Speaking to the Financial Times, Jolly explains: “As you become more senior all you do is relationships. When you’re in the boardroom you’re not doing Excel. Just building relationships. Self-awareness helps you handle yourself. And emotional self-control is critical for developing relationships.”

Even the best 360° feedback in business tends to be to some degree homogenous; limited to views sourced from a single firm in a single sector. This new elective – open to MBAs, Executive MBAs and students from LBS’s Leadership, International Exchange and Early Careers programmes – offers an altogether different and more wide-ranging set of candid feedback experiences from diverse minds representing different functions, sectors and almost 40 nationalities.

“Working in study groups over a period of three months, students get to know one another and develop the intimacy and psychological safety that’s required to land and receive meaningful feedback,” says Jolly.

We are all familiar with the drawn out process that feedback can be, replete with unwieldy and often dreaded forms. But on this elective the feedback you are exposed to couldn’t be more different, including feedback on what first impressions you give, what people in your personal and professional life see as your strengths, as well as the core feedback session in the course. “It might be the shortest and most powerful feedback in your career,” Jolly suggests.

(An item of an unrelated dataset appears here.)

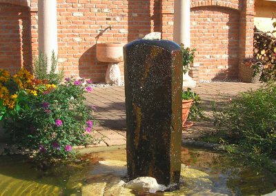 Wenn die Dämmerung hereinbricht wird unser Garten mit einem dezenten Licht beleuchtet. Alte und neue Steine, handgesucht und gefunden, bearbeitet zu einem kleinen Weihwasserbecken, verarbeitet zu einer Mauer verleihen unserem Garten mit mediterranem Flair eine besondere Note.

Each participant gets to hear two things that would excite study group members about working for them and two things that would concern them. Each member of the group also plots where they see you on task versus management behaviours and gives you a ‘gift’. This is not a pay rise! Think more creative – a rubber band for you to connect people better, or a whistle to draw more attention to your ideas.

“If you can be curious about the feedback others have for you, resist the urge to be defensive and take time to smell the flowers”, says Jolly, “the experience can be incredibly powerful.”

30-year-old Australian engineer and Executive MBA Jason Andrews, says of the course: “It has made me curious about the impression I’m creating. I’m more mindful now of my default and I take time to step back and ask myself what’s the best way I can do this?” 

While feedback is not always a shower of glory, and both the positives and negatives can be difficult to hear, Jolly reminds us: “If they’re not saying it to your face, they’re probably saying it behind your back – you don’t want to be the last to know what others think of you. This feedback exercise teaches students how empowering it is to get transparency.”